Roter Veltliner is not a “noble” grape variety—it’s generally considered something of a workhorse, which is why so many vineyards in choice locations were ripped up and replanted with Riesling in recent decades. I don’t have a lot of very specific information on that right now, but as you may know, when a grape becomes popular on the global market—as Riesling did increasingly in the Aughts—growers typically rush to plant it in place of whatever older varieties they have. I love discovering the older grapes, though, and generally speaking I find that they have a lot of character.

The Arndorfers’ Roter Veltliner is raised in small old french barriques as well as stainless steel barrels, with fairly extensive lees aging (around 10 months on most of the wines)—and I think this approach has a lot to do with the wine’s charm. Thanks to the lees contact and the large oak casks, the wines are unctuous, slightly nutty, richly textured; they sort of beg you to roll the liquid around in your mouth and savor its complexity. Martin and Anna have an appreciation for traditional approaches (like large oak casks, which they use on some of their other wines), and they go easy on the sulfites, resulting in very expressive wines across the board—but these Roter Veltliner wines are particularly interesting, as the grape doesn’t typically get much respect. They were knock-outs with the dim sum food we had while tasting.

img_9239The vineyard site, called Gaisberg, is about 300 meters up—about as high as vines go in that setting—and is surrounded by top Riesling vineyards (see the picture of a map with the site circled) and consists of primary rock. Martin purchased it from a grower who didn’t much care for it or consider it worthy of great wine. But clearly, in the hands of Martin and Anna, the Roter Veltliner grown at this site expresses nuanced flavors and develops well with age.

Four vintages are currently available: 2012 through 2015. The 2012 has 8.5 grams of residual sugar, and its really well situated within the entire wine—the nose is honeyed with caramel inflections and a touch of crème brulée; the rich and creamy mouthfeel is so inviting.

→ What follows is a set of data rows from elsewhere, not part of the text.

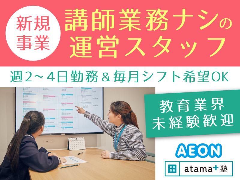 | 仕事内容 | ※生徒への授業・教科指導は行いません。 ・校舎長不在時の校舎運営業務補助 ・生徒の学習進捗管理 ・生徒への声がけ/サポート ・教室の清掃・機材・備品の管理 ・近隣学校付近でチラシやノベルティ配布 ・他、各種事務作業 など 生徒への授業・教科指導は行いません。 あくまでも、「atama+塾」の事務として 校舎長をサポートする業務がメインです |
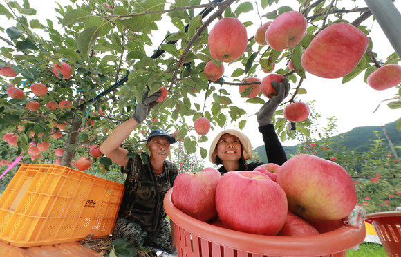 [포토] 함양군, 태풍 '마이삭'…조기 수확 추석용 홍로사과
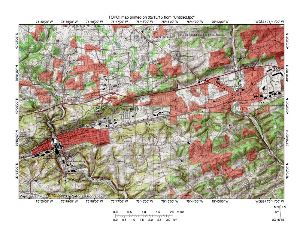 Figure 1: Chester Valley segment between Coatesville and Downtown. West Branch Brandywine Creek flows across the Chester Valley at location 1 and East Branch Brandywine Creek flows across the Chester Valley at location 2. The West Branch-East Branch drainage divide is near location 3. United States Geological Survey map digitally presented using National Geographic TOPO software.
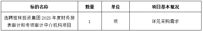 1.项目名称:选聘桂林BG大游集团2023年度财务报表审计和专项审计中介机构项目
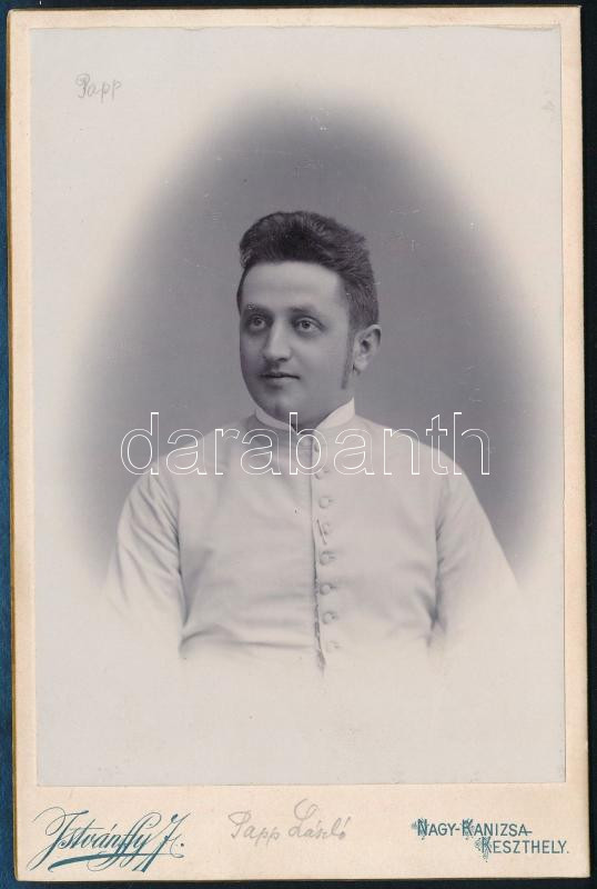 Leírás: cca 1910 Nagykanizsa, Istvánffy fényképész műtermében készült, keményhátú vintage fotó, felirata szerint Papp Lászlót ábrázolja, 16,1x10,7 cm
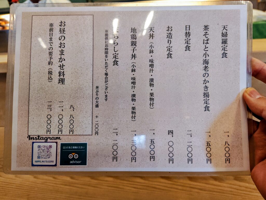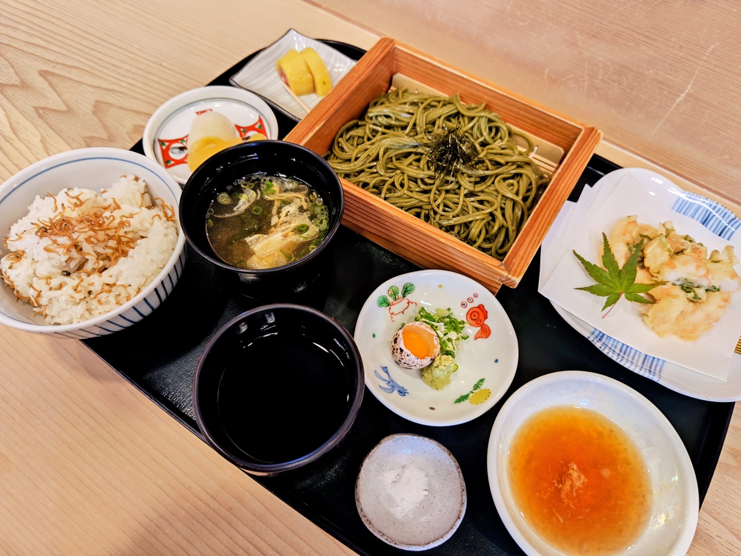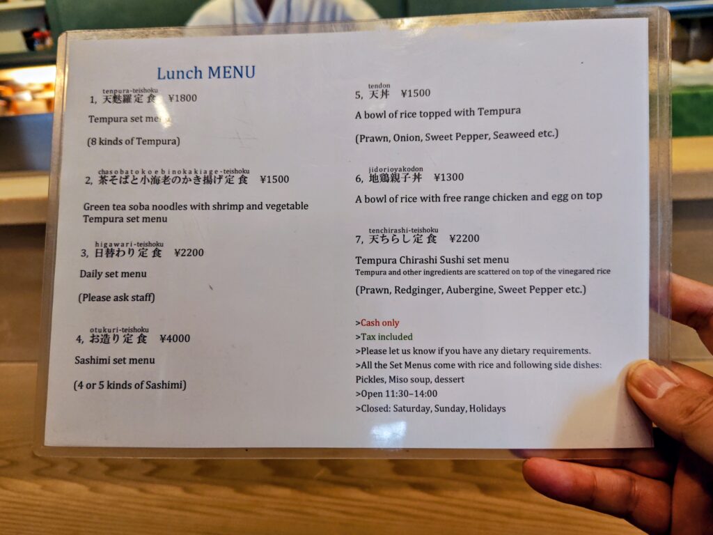 ランチメニューは天麩羅定食、茶そばと小海老のかき揚げ定食、日替わり定食、お造り定食、天丼 (小鉢、味噌汁、漬物、果物つき)、地鶏親子丼(小鉢、味噌汁、漬物、果物つき)、天ちらし定食の7種。
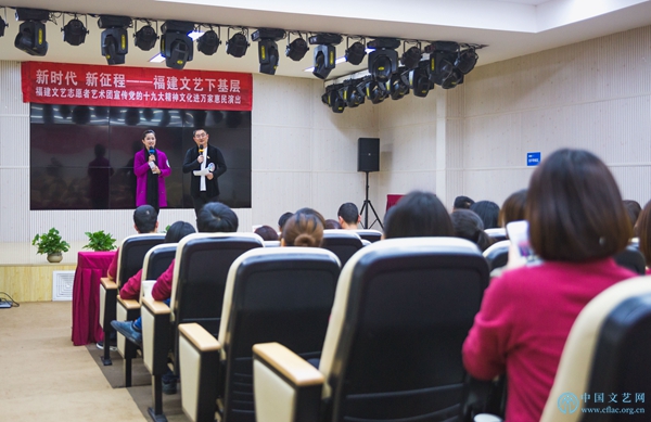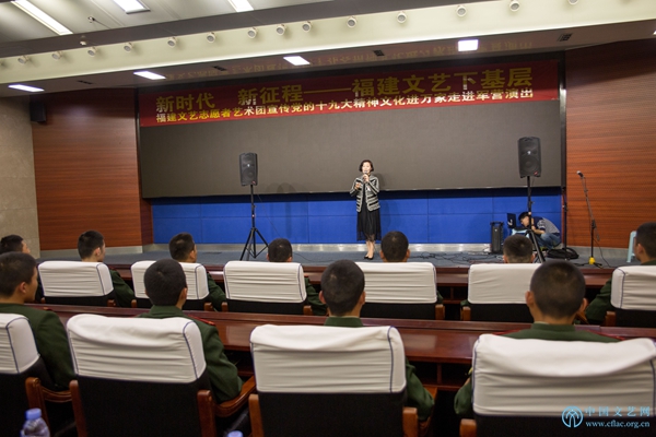 为深入宣传贯彻习近平新时代中国特色社会主义思想和党的十九大精神,大力弘扬乌兰牧骑的优良传统,3月13日至14日,福建省文艺志愿者艺术团组织“新时代 新征程——福建文艺下基层”文化进万家慰问演出活动,走军营、进企业,带着党的声音和关怀,带着春的气息,将党的十九大精神润物无声地送到广大基层官兵和群众心中。
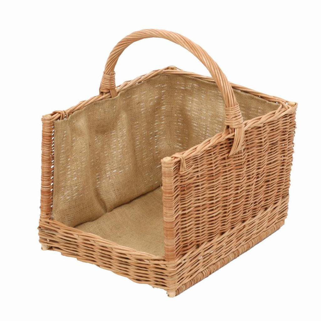 - Brennholzkorb aus europäischer Weide mit rechteckigem Jutefutter
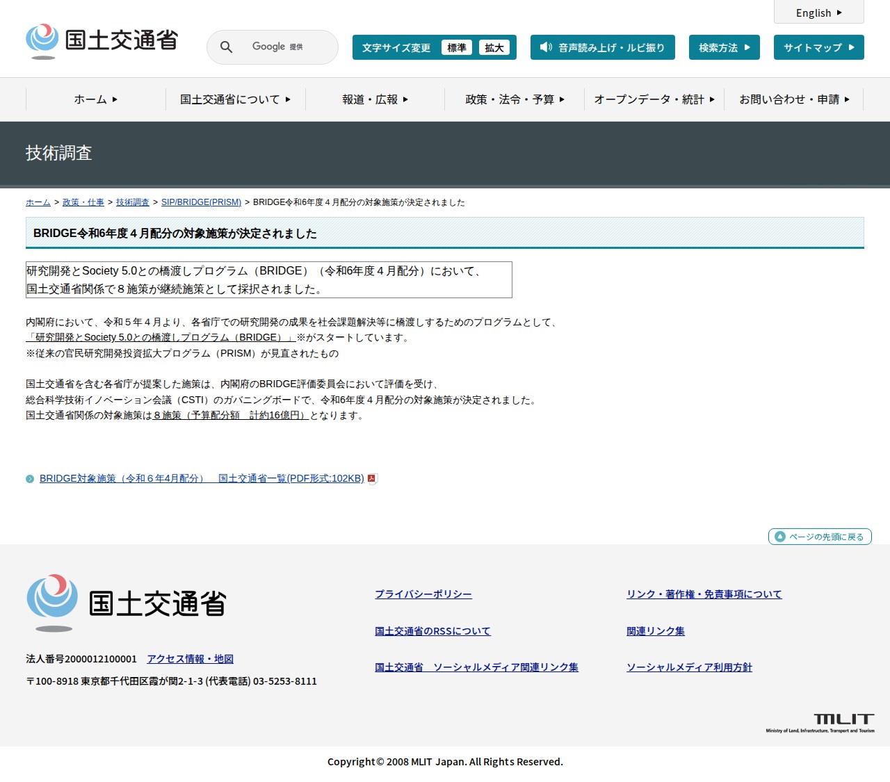 BRIDGE令和6年度4月配分の対象施策が決定されました - 国土交通省 - Saved screenshot
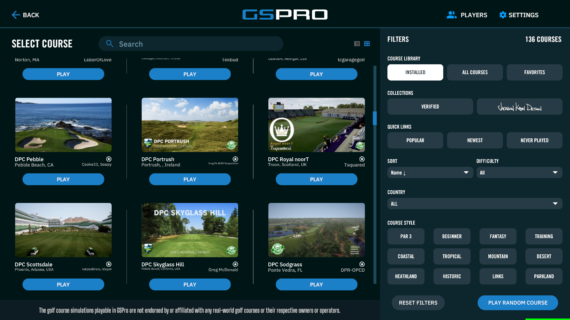 Ett system som kommer från USA där privatpersoner kan bygga banor själva. Mjukvaran ör öppen så utvecklare designar och bygger banor löpande. T.ex. i skrivande stund är det dags för Ryder Cup nästa vecka på Bethpage Black. Då är det en designer som gjort den banan med läktare och omgivning likt det vi har att vänta oss i sändningen av den riktiga tävlingen.
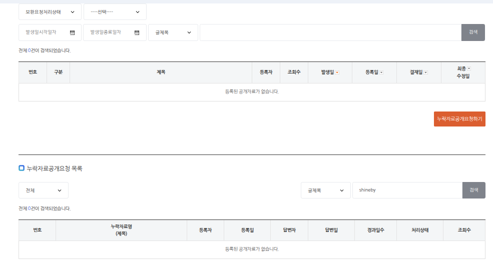 오늘 정보업데이트가 되었다는 메일을 받았지만 아래와 같이 정보요청 요청건 및 완료에 대한 리스트를 볼 수 없는 상태입니다.
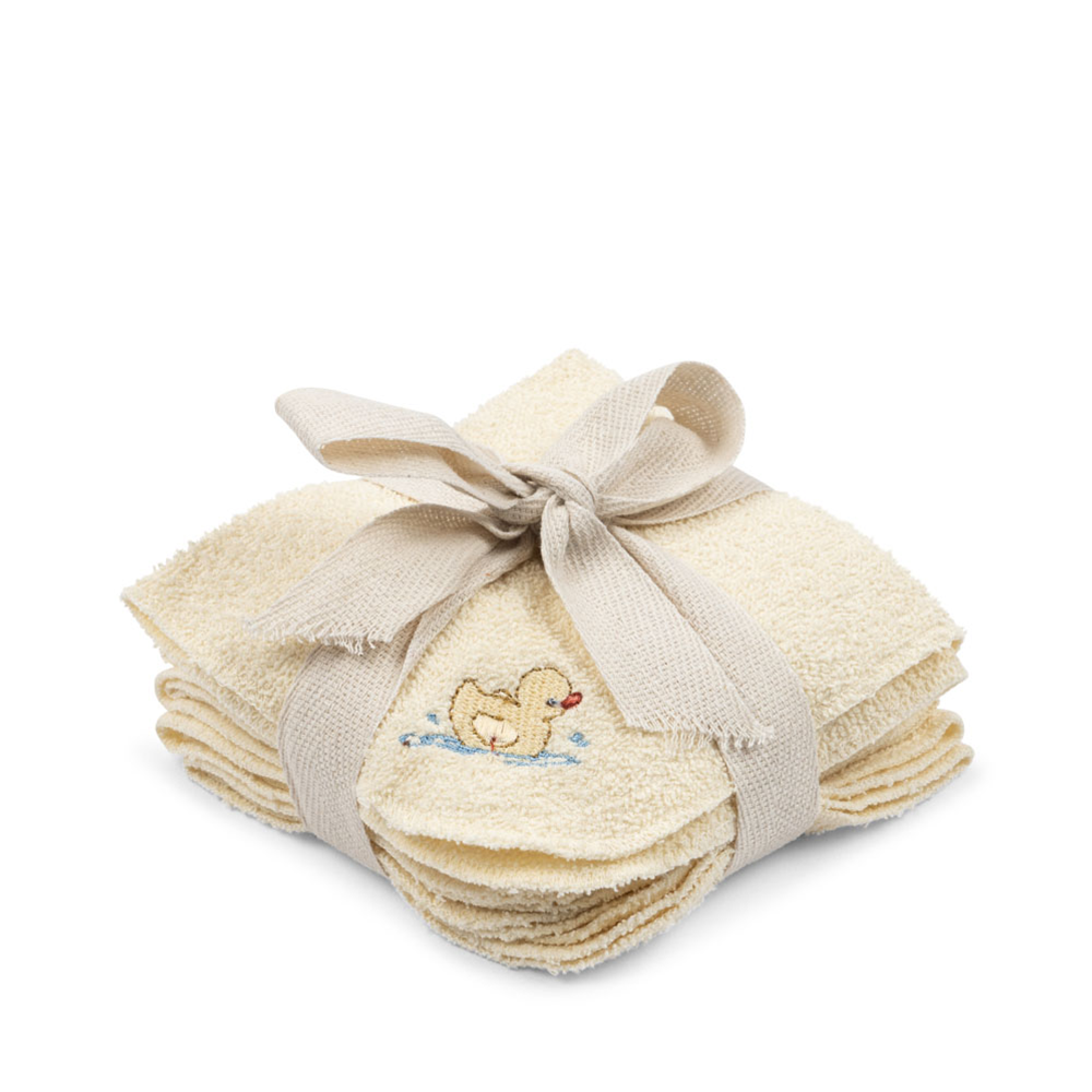 Weiches Waschlappenset 'Figo' mit süssen Entchenstickereien von Fanga Fontana.

The 2013 has a smokier character, and the same great texture; it’s a more mineral-driven wine, with a nice thread of acidity. The 2014 is from a difficult vintage (rain throughout August) but you really wouldn’t be able to tell; it’s perhaps a bit more one-note although still wonderfully textured and fresh. The 2015 is very mineral, with wet stones on the nose and palate, and it’s fresh and a touch nutty. These are nuanced wines that deserve to be cellared for a couple of years.

I definitely recommend grabbing one of these bottles if you see them in retail (I hear that Vintry currently carries some); but look out for the Arndorfer wines in general—they have a very good Gruner-Riesling blend that runs about $18-20 on the shelf, as well as a really nice Zweigelt rosé. In general, the Arndorfer wines are real gems and are likely to only get more and more interesting with each passing harvest.